本节介绍fetcher获取完整区块的过程,这也是fetcher最重要的功能,会涉及到fetcher至少80%的代码。单独拉放一大节吧。

Fetcher的大头

Fetcher最主要的功能就是获取完整的区块,然后在合适的实际交给InsertChain去验证和插入到本地区块链。我们还是从宏观入手,看Fetcher是如何工作的,一定要先掌握好宏观,因为代码层面上没有这么清晰。

宏观

首先,看两个节点是如何交互,获取完整区块,使用时序图的方式看一下,见图6,流程很清晰不再文字介绍。

1460000017047286

再看下获取区块过程中,fetcher内部的状态转移,它使用状态来记录,要获取的区块在什么阶段,见图7。

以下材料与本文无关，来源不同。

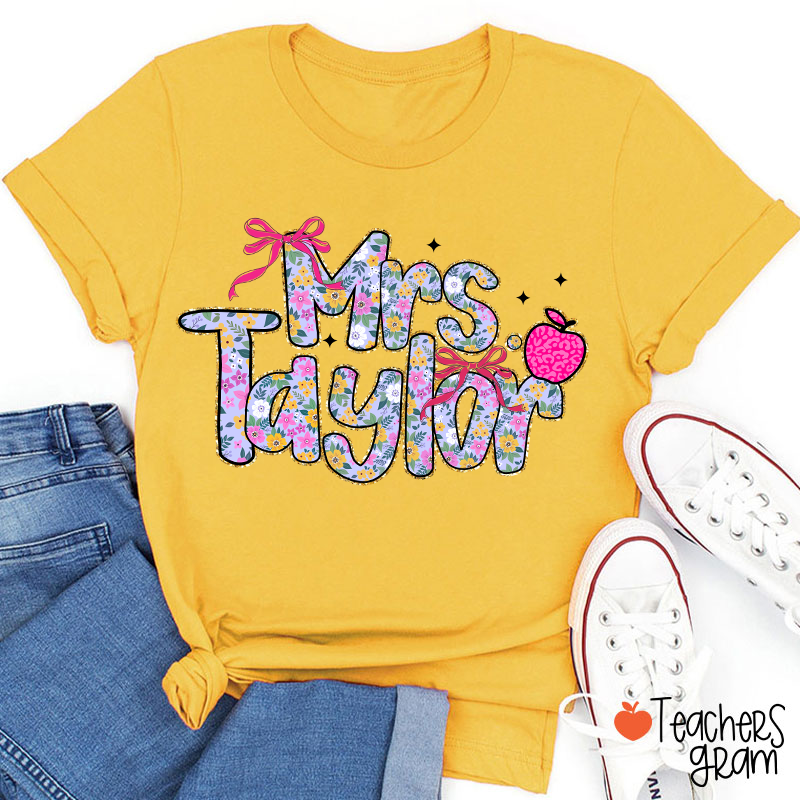 Personalized Name Apple Bow Floral Star Teacher T-Shirt

我稍微解释一下:

  1. 收到 NewBlockHashesMsg 后,相关信息会记录到 announced ,进入 announced 状态,代表了本节点接收了消息。
  2. announced 由fetcher协程处理,经过校验后,会向给他发送消息的Peer发送请求,请求该区块的区块头,然后进入 fetching 状态。
  3. 获取区块头后,如果区块头表示没有交易和uncle,则转移到 completing 状态,并且使用区块头合成完整的区块,加入到 queued 优先级队列。
  4. 获取区块头后,如果区块头表示该区块有交易和uncle,则转移到 fetched 状态,然后发送请求,请求交易和uncle,然后转移到 completing 状态。
  5. 收到交易和uncle后,使用头、交易、uncle这3个信息,生成完整的区块,加入到队列 queued

1460000017047287

微观

接下来就是从代码角度看如何获取完整区块的流程了,有点多,看不懂的时候,再回顾下上面宏观的介绍图。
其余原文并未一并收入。